The success rate is defined as the number of successful projects divided by the total number of projects. All projects are grouped by their goal size in USD in buckets of each $5000. Then the success rate of each group is calculated by counting the successful and failed projects. Projects with smaller goals have a higher success rate, as projects become bigger the success rate drops. The red line is a fit following a simple model, where success rate and goal size are inversely proportional (\(goal \propto \frac{1}{success\_rate}\)). This simple model seems to describe the underlying dynamics surprisingly well.
Most projects are located in four cities: New York, Los Angeles, San Francisco and Chicago. This plot analyses how much money is on average pledged per successful project in each of these cities over the last years. The orange line is the average for all projects in the dataset from the whole world. The size of each data point corresponds to the number of projects in that place in that year. Projects in San Francisco raise on average almost 3x more than in the other 3 cities! And from the trend it looks like San Francisco is going to even increase this lead.
This dataset is definitely highly interesting and also very relevant. We got quite a lot of information about a huge amount of crowdsourcing projects located on Kickstarter. Even though the dataset is not 100% complete (for example projets from the theater category show an unreasonable success rate before 2012), we could still draw lots of valueable conclusion. The missing data is due to the fact that the Kickstarter API is not made for a study like this, and some workarounds are necessary to retrieve data about as many projects as possible.
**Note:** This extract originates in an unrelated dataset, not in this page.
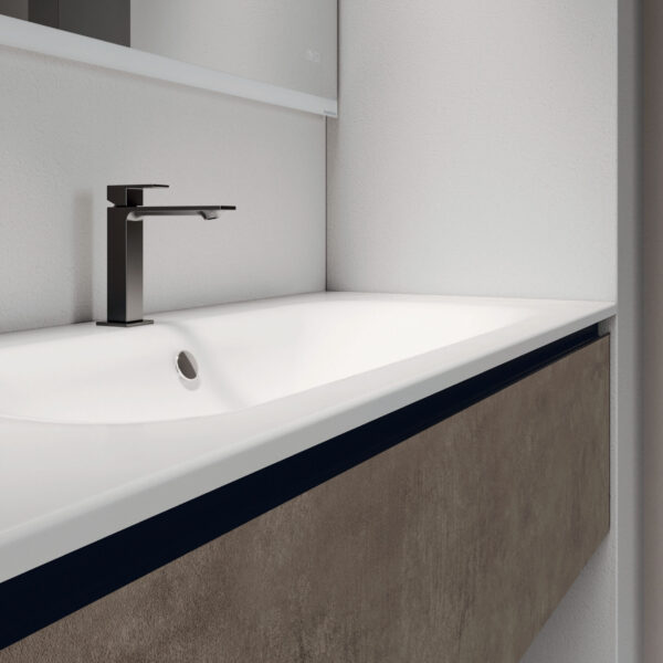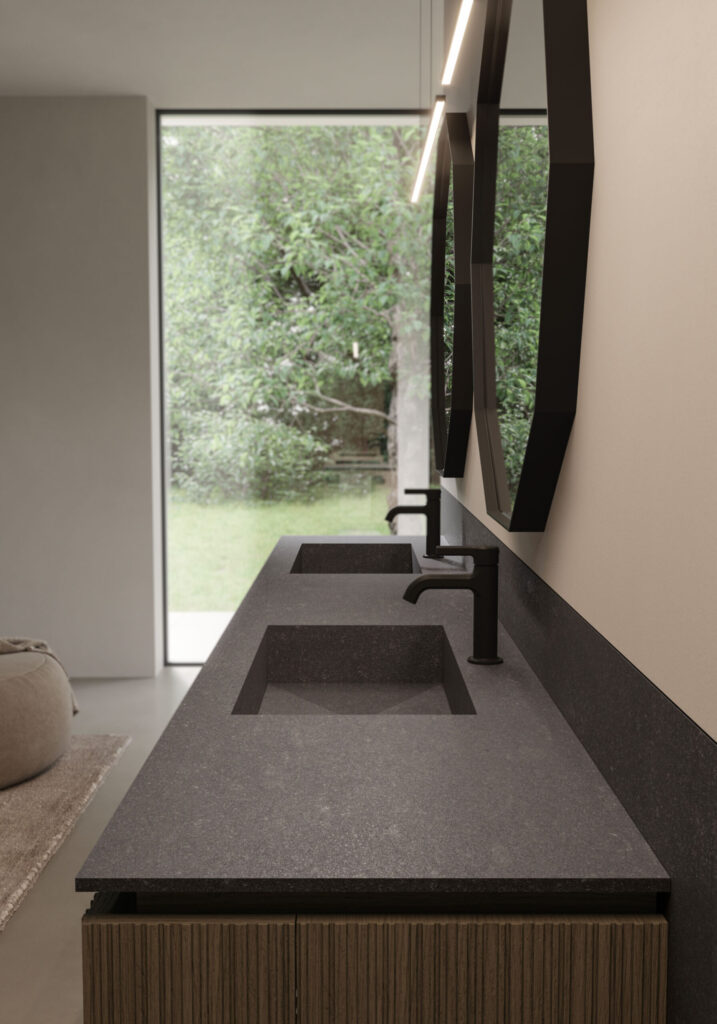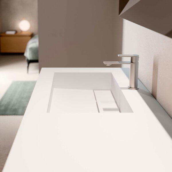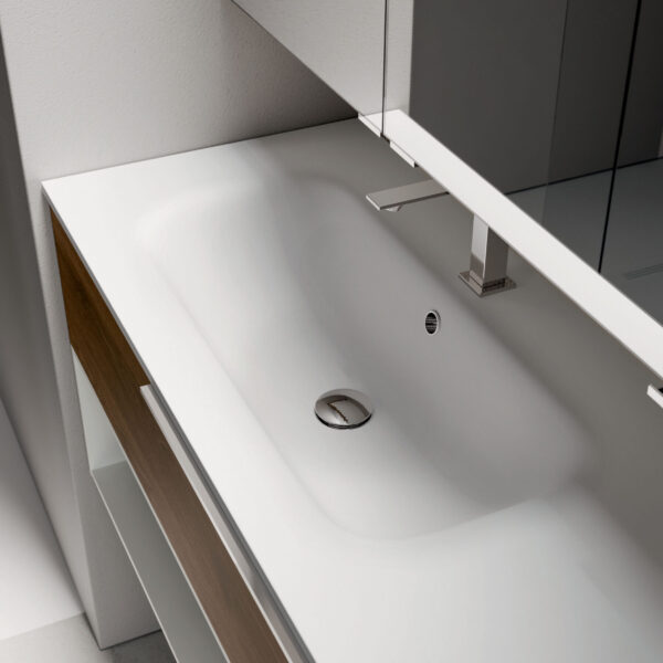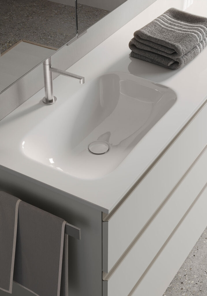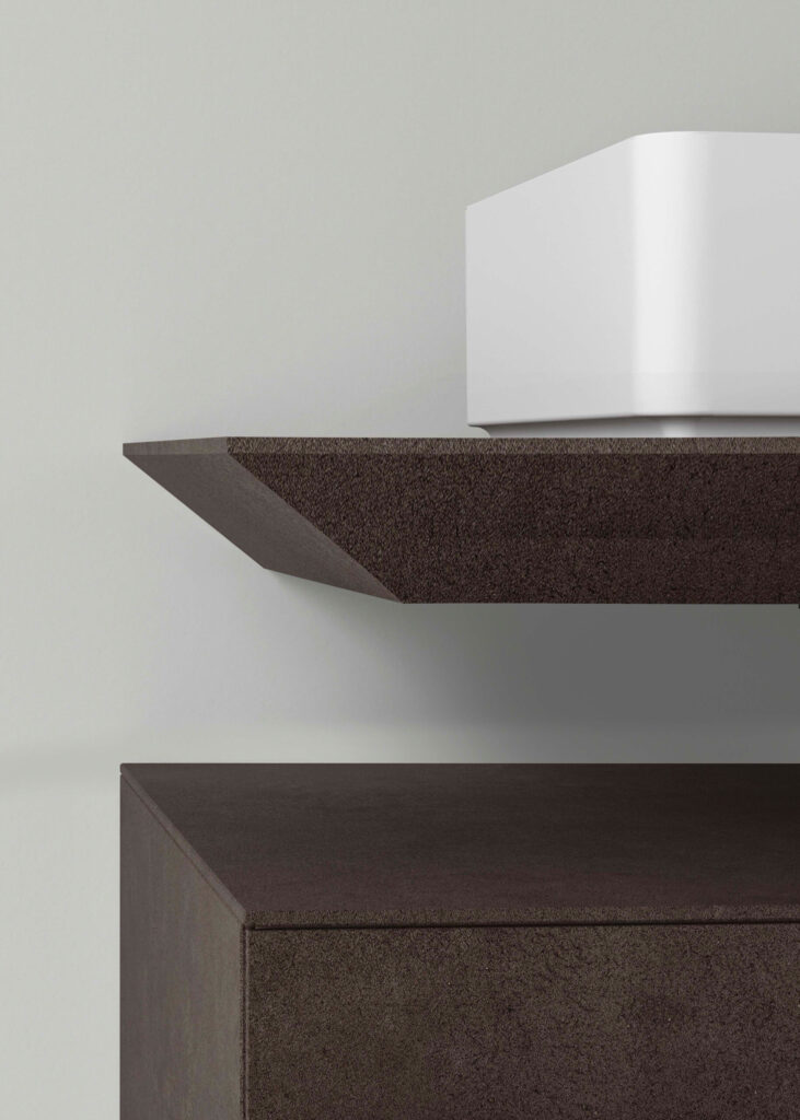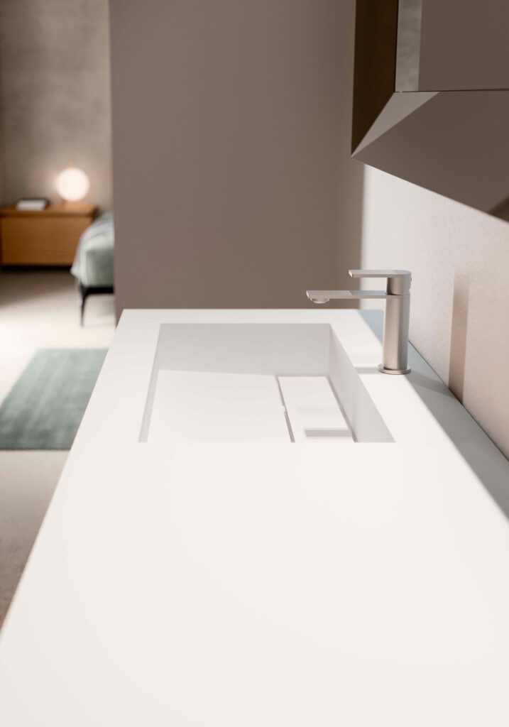 Столешницы duplex состоят из поверхности HPL и раковины Mineralsolid. Они доступны толщиной 1,2, 6 и 12 см. HPL – это материал превосходного качества с точки зрения его функционального и эстетического потенциала. Он устойчив к износу и воде, гигиеничен и универсален в обработке, сохраняет свои эстетические характеристики и эксплуатационные характеристики неизменными на протяжении всего срока службы. Внутри он состоит из слоев целлюлозных волокон, пропитанных фенольными смолами, а снаружи – из одного или нескольких слоев целлюлозных волокон с эстетической функцией, пропитанных термореактивными смолами и соединенных вместе методом высокого давления в соответствии со стандартом EN 438:2005. Особая компактность HPL обеспечивает устойчивость к изгибу, растяжению, сжатию и ударам. Раковина изготовлена из материала Mineralsolid. Гелькоутная пленка (800-1000 мкм), покрывающая поверхность материала, представляет собой акрилатный полиэстер и придает матовую поверхность. Особенностью данного покрытия является возможность восстановления поверхности, подобно изделию Solid Surface.

The next step would be to predict for live projects whether they will succeed - or not. We found that the success rate is strongly affected by project goal size, location, category, campaign length and experience of the creator. With this information it should be possible to make reasonable predictions for the success of a live project.
Probably the single most important insight is the overall growth of Kickstarter, though is maybe not too surprising given the recent hype of crowdfunding. However what might be surprising and also worrysome is the drop of the success rate early 2014. Even though the total money raised is still growing, a too large fraction of failed projects will be discouraging and frustrating for new members of the community. I believe Kickstarter should make sure that the quality of the projects stays high in the future.